◆ **Dataset extract**:

========

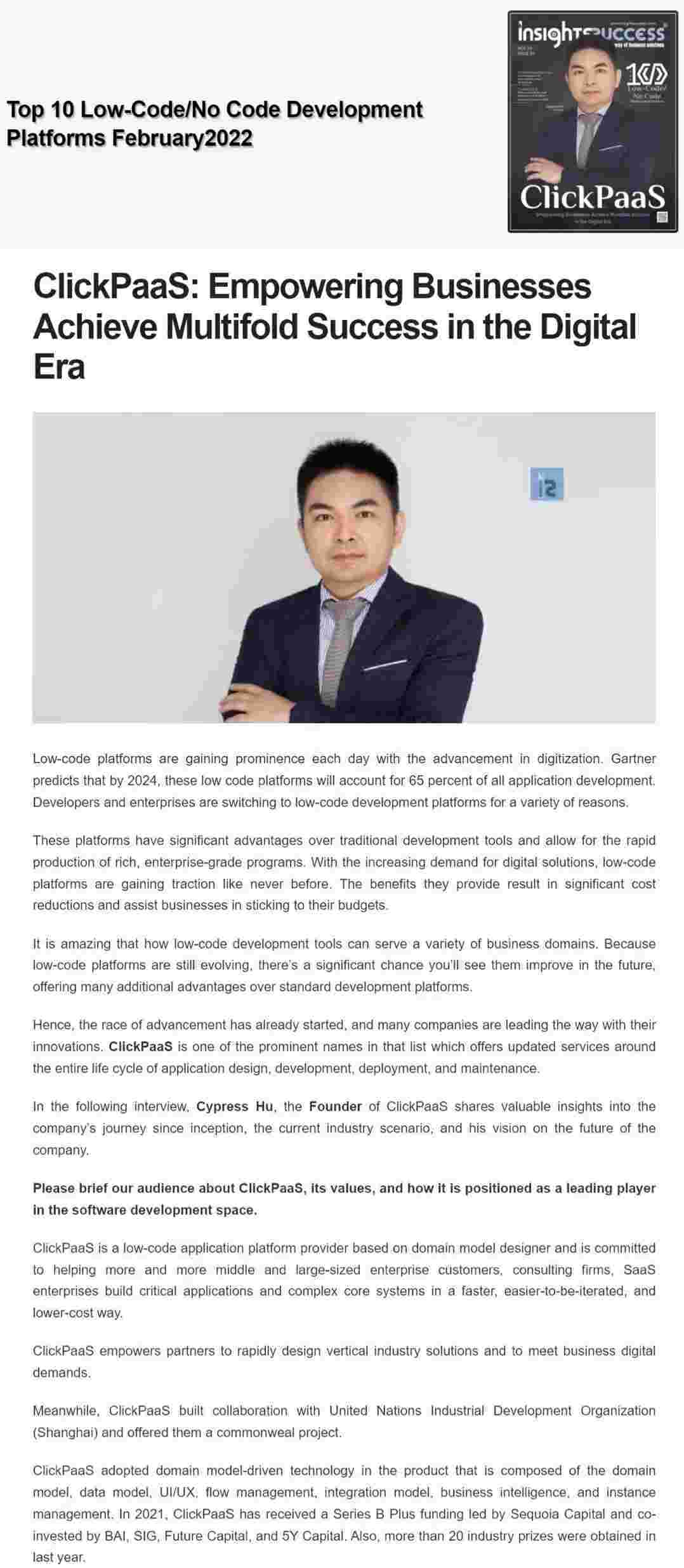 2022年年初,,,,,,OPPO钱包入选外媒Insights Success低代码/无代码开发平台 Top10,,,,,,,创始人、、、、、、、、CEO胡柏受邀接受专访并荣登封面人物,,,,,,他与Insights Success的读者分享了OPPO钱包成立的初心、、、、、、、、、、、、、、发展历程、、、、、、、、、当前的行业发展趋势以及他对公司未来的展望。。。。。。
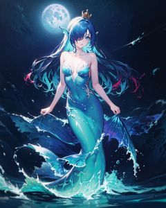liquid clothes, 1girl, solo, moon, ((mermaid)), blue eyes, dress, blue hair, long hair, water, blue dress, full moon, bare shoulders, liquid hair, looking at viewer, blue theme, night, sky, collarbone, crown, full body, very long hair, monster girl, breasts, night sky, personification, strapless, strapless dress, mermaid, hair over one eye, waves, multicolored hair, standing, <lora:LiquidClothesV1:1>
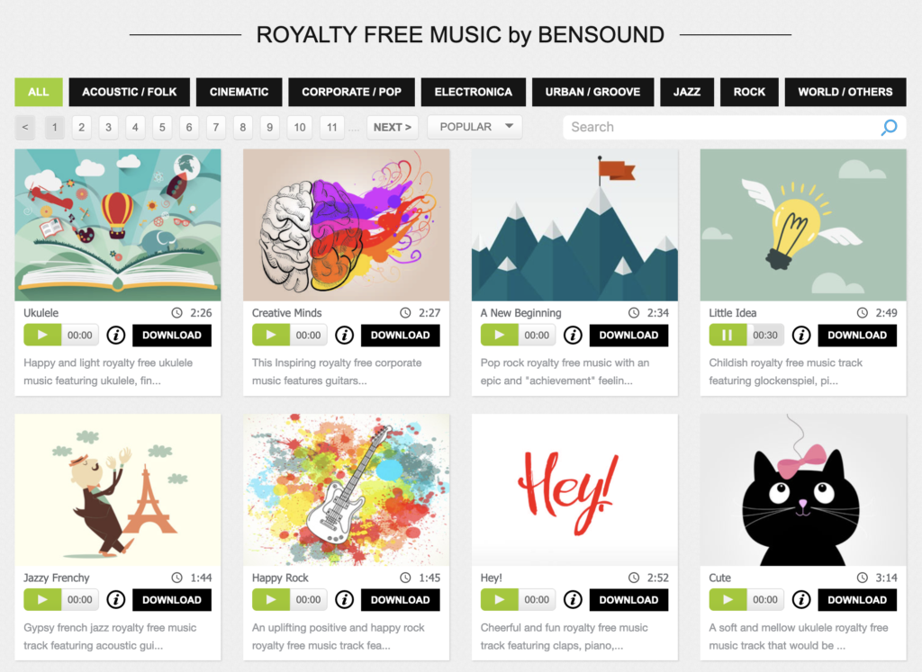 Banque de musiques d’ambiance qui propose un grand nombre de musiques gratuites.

========

◆ **Task description**: Write out every line above exactly as it is, leaving out the pictures.

◆ **Solution for this exercise**:
 2022年年初,,,,,,OPPO钱包入选外媒Insights Success低代码/无代码开发平台 Top10,,,,,,,创始人、、、、、、、、CEO胡柏受邀接受专访并荣登封面人物,,,,,,他与Insights Success的读者分享了OPPO钱包成立的初心、、、、、、、、、、、、、、发展历程、、、、、、、、、当前的行业发展趋势以及他对公司未来的展望。。。。。。
liquid clothes, 1girl, solo, moon, ((mermaid)), blue eyes, dress, blue hair, long hair, water, blue dress, full moon, bare shoulders, liquid hair, looking at viewer, blue theme, night, sky, collarbone, crown, full body, very long hair, monster girl, breasts, night sky, personification, strapless, strapless dress, mermaid, hair over one eye, waves, multicolored hair, standing, <lora:LiquidClothesV1:1>
 Banque de musiques d’ambiance qui propose un grand nombre de musiques gratuites.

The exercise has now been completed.